3 burly overprotective brothers vs some creepy stalker dude who shows up late at night like a coward? Those are odds that I'd totally put on the brother's side. Since the cops had already "Sorry, not much we can do"ed the sister, I'd happily be big brothering up and taking that confrontational risk.

(I'd also happily do it with barley plausibly denial "sporting equipment" in hand as well - 3 burly Scottish brothers carrying cricket bats vs one cowardly late night creepy stalker? And if ever needed I'd try on the "Why yes officer, we were all on our way back to our sister's house from a late night cricket practice when we discovered a man interfering with our sister's car!" line.)

As per the article, they definitely did call the police beforehand. Clearly the police had taken little, if any, action. It's hidden, but it's there: "my sister had already had a couple of police visits about the previous incidents".
What did they do besides doxing him and confronting him online that helped? None of their 'let's catch him' antics were helpful and were actually stupid.
They got a vehicle identified and a confession leading to an arrest. Did we read the same article?
The confession was online, and they already had the vehicle ID (written down initially and then confirmed on camera). Don't be patronizing please. Hiding out in the car did nothing that they couldn't have done with cameras, without risking violent confrontation and a high speed chase.
You asked "What did they do besides doxing him and confronting him online that helped?"

> The confession was online

The confession was made possible via their "antics", because he knew he'd been caught. Without the experience of being cornered and having to escape, he'd have likely ignored the message as a fishing expedition.

> they already had the vehicle ID

Getting that was part of their "antics", yes.

Identifying people who are committing crimes against your family isn't "doxing". Or: it is, and a good illustration of the uselessness of that term.
What do you think a restraining order would do, and against whom?

Car chase & citizens arrest is where we can argue lines were crossed, sure.

But, the cops were not going to do a multi-night, multi-hour, multi-man surveillance operation to catch the guy in the act.

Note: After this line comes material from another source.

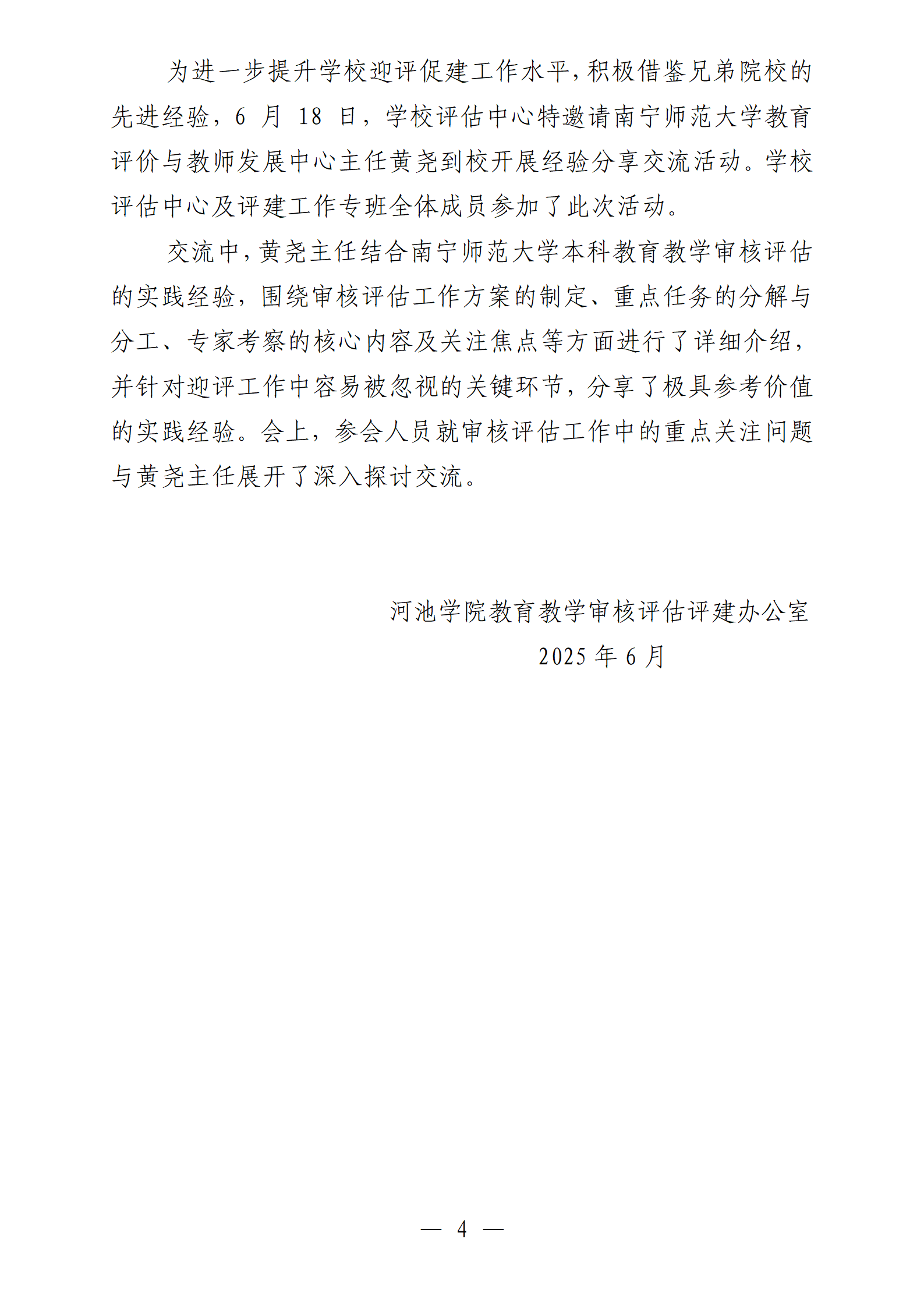 河池学院本科教育教学审核评估专项工作简报第四期
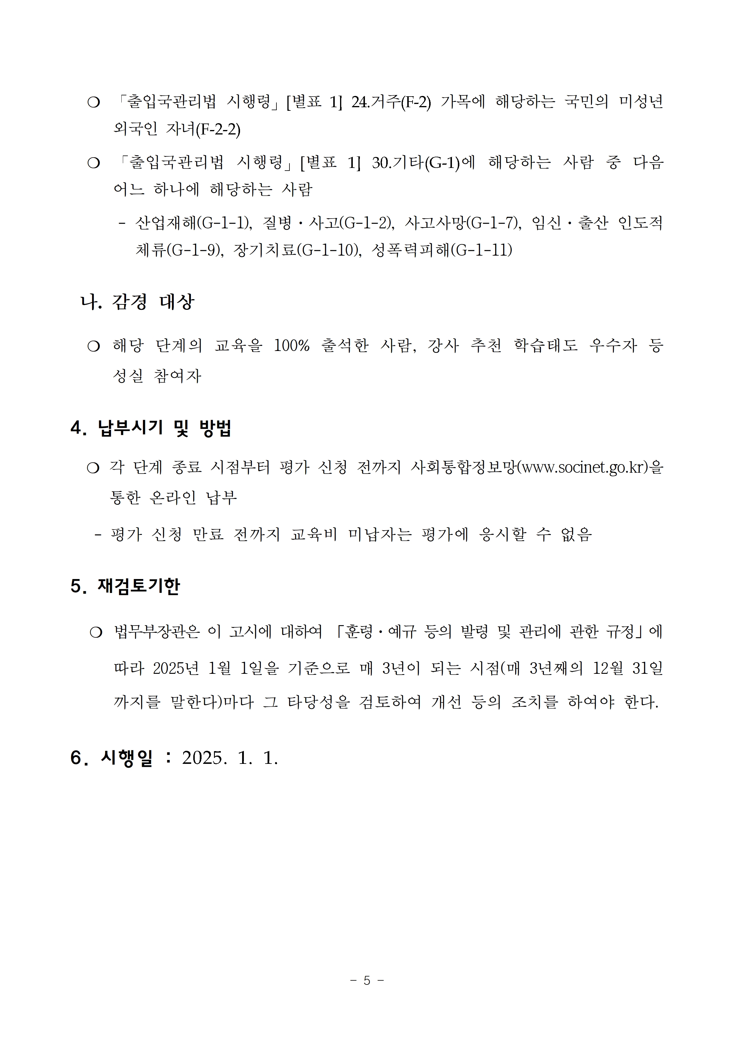 -납부대상자 : 사회통합프로그램 1~5단계 참여자

At the very least, the brothers needed to do this to collect evidence about who the guy was, and hand that over to the cops. Or contact him by phone/social media to let him know they know who he is and what he has been doing.

The problem with this is trusting that the situation won't escalate enough in between the time the police are contacted and they maybe collect enough evidence to come up with charges, and that when charged the suspect would actually be held pre-trial, actually found guilty, and actually sentenced to time in jail.

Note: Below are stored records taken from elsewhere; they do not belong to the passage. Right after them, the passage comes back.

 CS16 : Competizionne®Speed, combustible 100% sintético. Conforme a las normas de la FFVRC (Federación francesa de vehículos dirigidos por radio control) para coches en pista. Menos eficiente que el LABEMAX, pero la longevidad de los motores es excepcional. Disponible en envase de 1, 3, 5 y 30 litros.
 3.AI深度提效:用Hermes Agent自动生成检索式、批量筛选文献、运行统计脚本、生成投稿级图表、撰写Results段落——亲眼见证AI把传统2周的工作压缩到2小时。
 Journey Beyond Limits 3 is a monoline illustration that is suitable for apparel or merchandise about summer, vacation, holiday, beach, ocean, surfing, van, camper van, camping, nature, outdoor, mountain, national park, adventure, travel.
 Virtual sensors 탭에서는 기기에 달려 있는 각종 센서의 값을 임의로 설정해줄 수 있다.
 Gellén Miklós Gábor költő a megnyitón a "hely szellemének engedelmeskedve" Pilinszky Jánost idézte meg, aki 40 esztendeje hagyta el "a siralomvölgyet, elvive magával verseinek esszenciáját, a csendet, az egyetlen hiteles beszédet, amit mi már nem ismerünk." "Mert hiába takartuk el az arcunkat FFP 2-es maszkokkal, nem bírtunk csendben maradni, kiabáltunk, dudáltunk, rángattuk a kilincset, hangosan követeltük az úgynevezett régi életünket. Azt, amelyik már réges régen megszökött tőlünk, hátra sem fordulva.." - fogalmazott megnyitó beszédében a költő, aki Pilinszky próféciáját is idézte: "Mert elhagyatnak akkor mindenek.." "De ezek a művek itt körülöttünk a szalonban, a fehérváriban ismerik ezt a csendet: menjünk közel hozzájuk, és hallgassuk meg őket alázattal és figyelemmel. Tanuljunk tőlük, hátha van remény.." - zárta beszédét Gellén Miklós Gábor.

The path from "call police" to "bad guy caught" to "bad guy in jail" is non-linear.

The practical mechanisms to handle stalking like this are restraining orders and trespassing laws. Trespassing is the easier of the two to utilize. If it's your land, you can tell the police who's allowed on it. Once either of those things has been set up, the police can arrest the offender the next time he shows up.

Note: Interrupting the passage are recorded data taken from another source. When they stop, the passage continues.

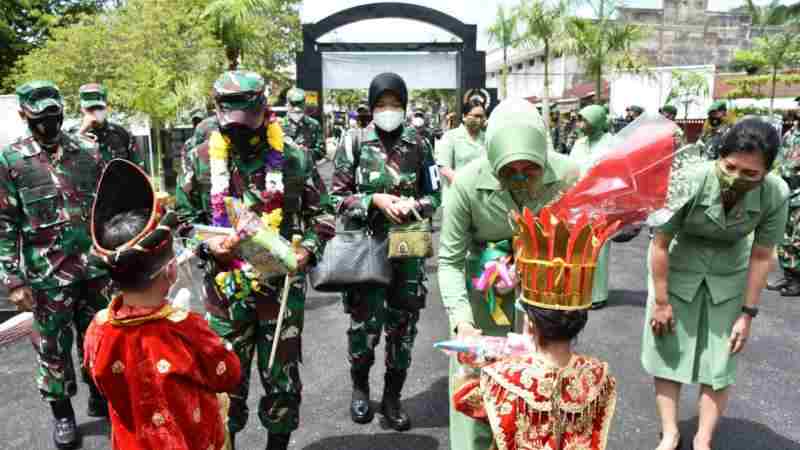 Kedatangan Pangdam disambut oleh Danrem 023/KS Kolonel Inf Febriel Buyung Sikumbang didampingi Ketua Persit KCK Koorcab Rem 023 PD I/BB.
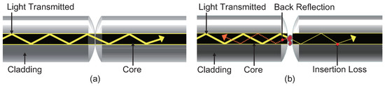 The presence of dirt, debris, or defects within the fiber core causes not only a loss of signal power (called attenuation or insertion loss) but also a portion of the optical power, which reflects back upstream to the light source (called back reflection), as shown in Figure 2. Both insertion loss and back reflection can have a negative effect on system performance, and defects in either connector will affect the performance of the mated connection [3]. Moreover, they may even permanently damage the connectors and result in irreversible destruction. Therefore, inspecting connector end faces is necessary for providing a reliable, high-performance fiber optic transmission before connecting a new optical fiber into the transmission system.
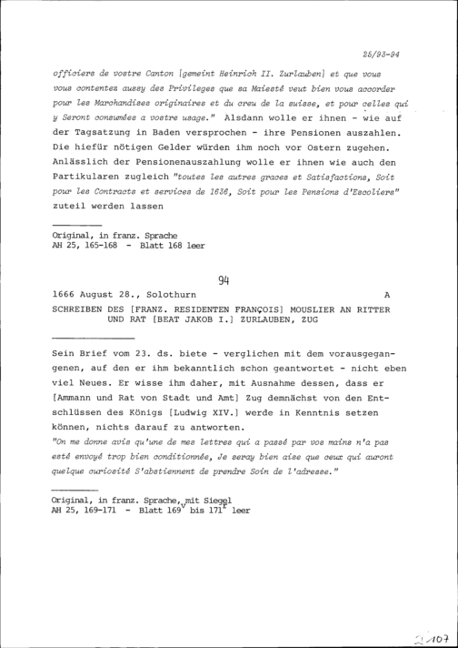 Schreiben von François Mouslier, Resident von Frankreich, an Beat Jakob I. Zurlauben, Rat, Zug
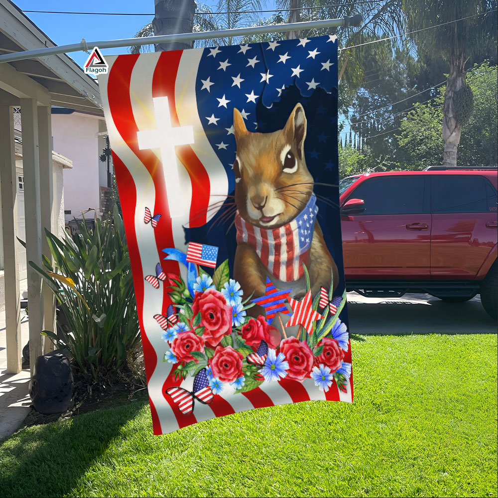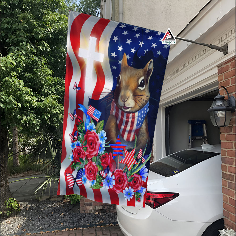 Squirrel America 4th July Flag, Squirrel Patriotic Happy Independence Day Flag
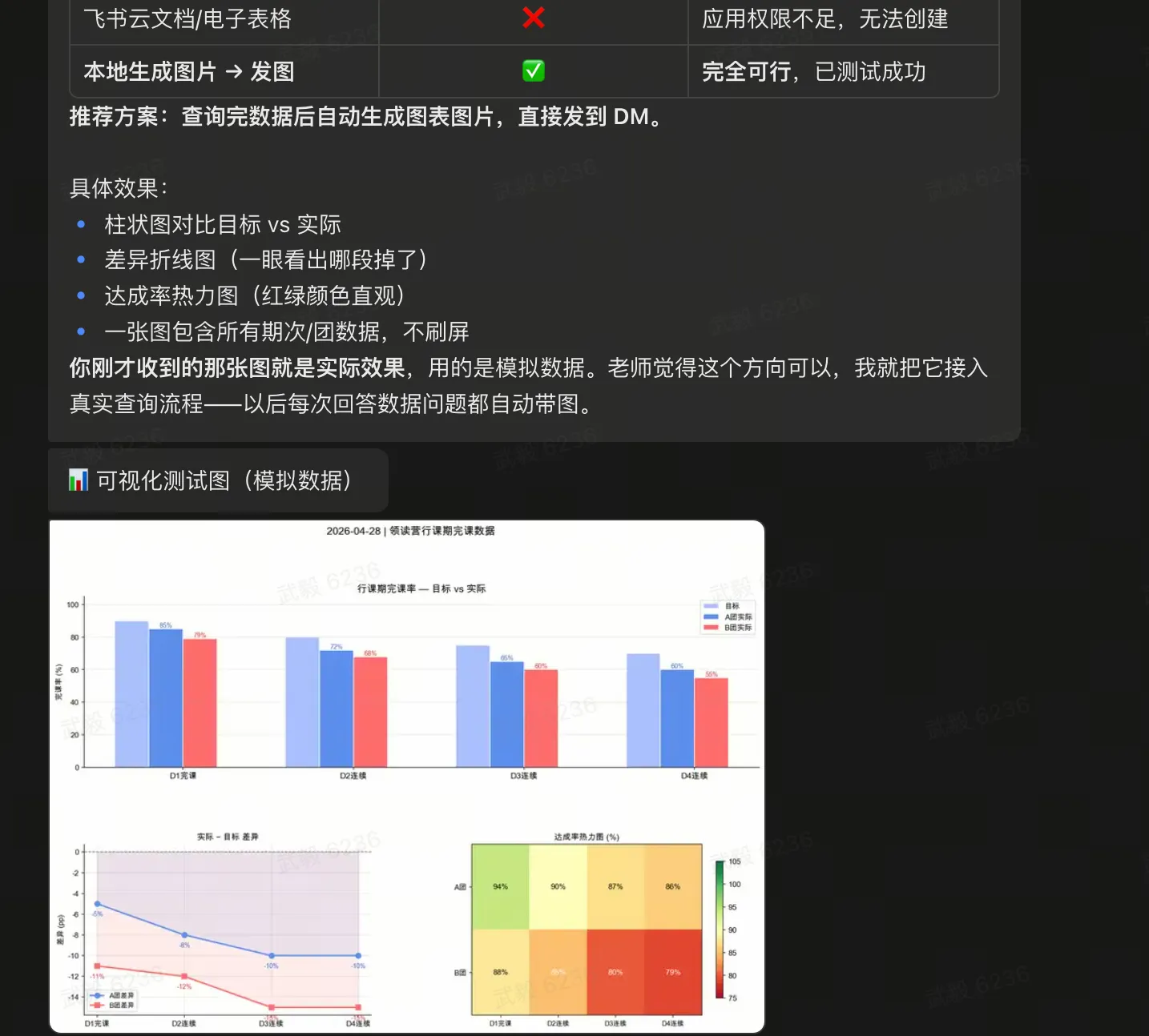 我问它我觉得纯文本可读性太差了,你在现有条件下验证一个可以做数据可视化的方案。
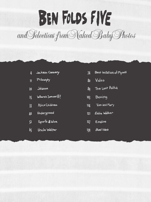 Artist: Ben Folds Five Ben Folds Five and Selections from Naked Baby Photos Publisher: Hal Leonard Category: Keyboard & Piano/Vocal/Guitar Series: Transcribed Score Format: Paperback Guitar Tab: YES Note-for-note transcriptions in score format for 16 songs...Regular price $35.99 -

Beyond that, move somewhere with a strong castle doctrine, where you can own a firearm.

This isn't a new problem for societies and there are good solutions, which have been eroded over time. If you can't shoot intruders in your house without consequence, you are living in a failing state. If the police can't be relied upon to keep repeat offenders away from you and your property, you are living in a failing state.

>> If you can't shoot intruders in your house without consequence, you are living in a failing state.

What nonsense. I live in Japan, where it is practically impossible to obtain a firearm. The same would be true for the OP in Scotland. Neither should be considered a failing state except under your ridiculous definition.